The quotation is from Dr. Morris Davies*, an engineer at the University of Liverpool, who was part of a research team that spent about ten years analyzing the performance of the St. George’s School by Emslie Morgan (Wallasey, 1961-62), an immensely interesting building I wrote about in The Solar House.

What an excellent illustration of the difference between scientific optimization and design!  Davies' optimized architecture would typically have an all-glass south wall, and all-solid walls on the east, west, and south.   In my view, this is why computer simulations can contribute to architectural design, but they can not be generative or determinant of architectural design.  Scientific knowledge is one important ingredient in a more complex recipe, and human judgments are essential.

Of course, Davies' position here did not consider that windows have other functions beyond thermal (and he admitted so).  They may be desirable for providing daylight, or views, and they may be undesirable for bringing discomfort due to glare.  St. George’s School did indeed suffer a glare problem, of which Davies was aware.

But even from a purely technical point of view, Davies was wrong.  To focus on annual net gain is too simplistic; it neglects the fact that quite a bit of passive solar heat is collected in afternoons in the Spring and Fall, when it is likely to be unwanted because it causes the building to overheat, depending on the weather and other factors of course.  To make a good window "maximum" is to increase the overheating problem.  Any number of solar house architects learned that lesson the hard way, long before 1976, as I detail in The Solar House

Note that overheating does not necessarily imply that the building needs air-conditioning.  Opening some windows may suffice, especially on a swing-season afternoon.  This was most certainly the case in Wallasey.  Still, the solar gains at that time are, for the most part, not beneficial.
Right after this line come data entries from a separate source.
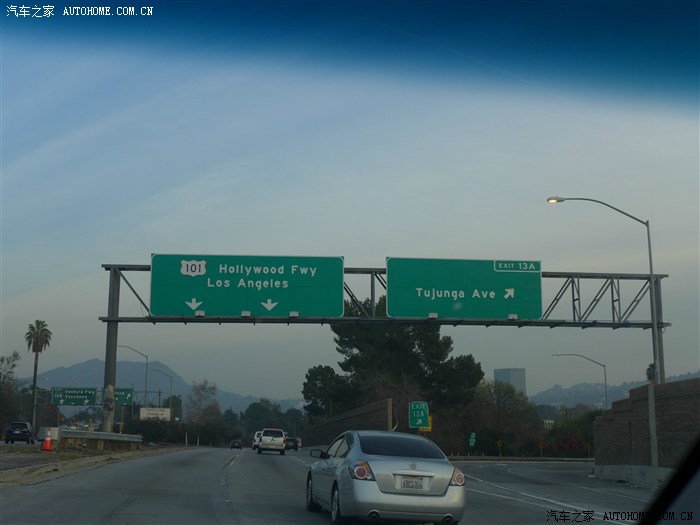 好在这段101公路差不多也是沿海岸线到洛彬矶的,终于看到LA分路牌了,天使之城我们来了。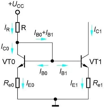 若Re0很小甚至于為零,則Re1只采用較小的電阻就能獲得較小的輸出電流,這種電路稱為微變恒流源,如下圖所示。集成運放輸入級靜態(tài)電流很小,往往只有幾十微安,甚至更小,因此微變電流源主要應(yīng)用于集成運放輸入級的有源負載。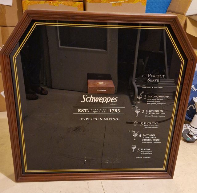 Buen estado · Schweppes · Negro y Marrón · Vidrio y Madera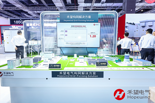 本次展會現(xiàn)場,禾望電氣不僅以交互式的沙盤展示了集“風(fēng)-光-儲”全場景于一體的構(gòu)網(wǎng)型解決方案,全面展現(xiàn)了自身富有競爭力的自主構(gòu)網(wǎng)控制技術(shù),還在展臺設(shè)立了精彩的演講,深度講解了禾望構(gòu)網(wǎng)型解決方案的具體內(nèi)容。現(xiàn)場氣氛熱烈,充分體現(xiàn)了禾望風(fēng)光儲氫領(lǐng)導(dǎo)品牌的綜合實力。

Clearly Davies was speaking theoretically, and perhaps he assumed that windows would be shaded at times when the building doesn't need heat.  In practice, shading never works in a theoretically-optimum manner.  Or perhaps he assumed that thermal mass lagtime and carryover effects would effectively redistribute the heat from day to night.  In practice, this is also limited.

Nevertheless, I do enjoy the phrase "thermally desirable," and it wouldn't hurt if most architects adopted a little bit of that mindset when thinking about windows.

*Davies was quoted in Joseph E. Perry, Jr.. “The Wallasey School,” Proceedings of the Conference on Passive Solar Heating and Cooling, 1976.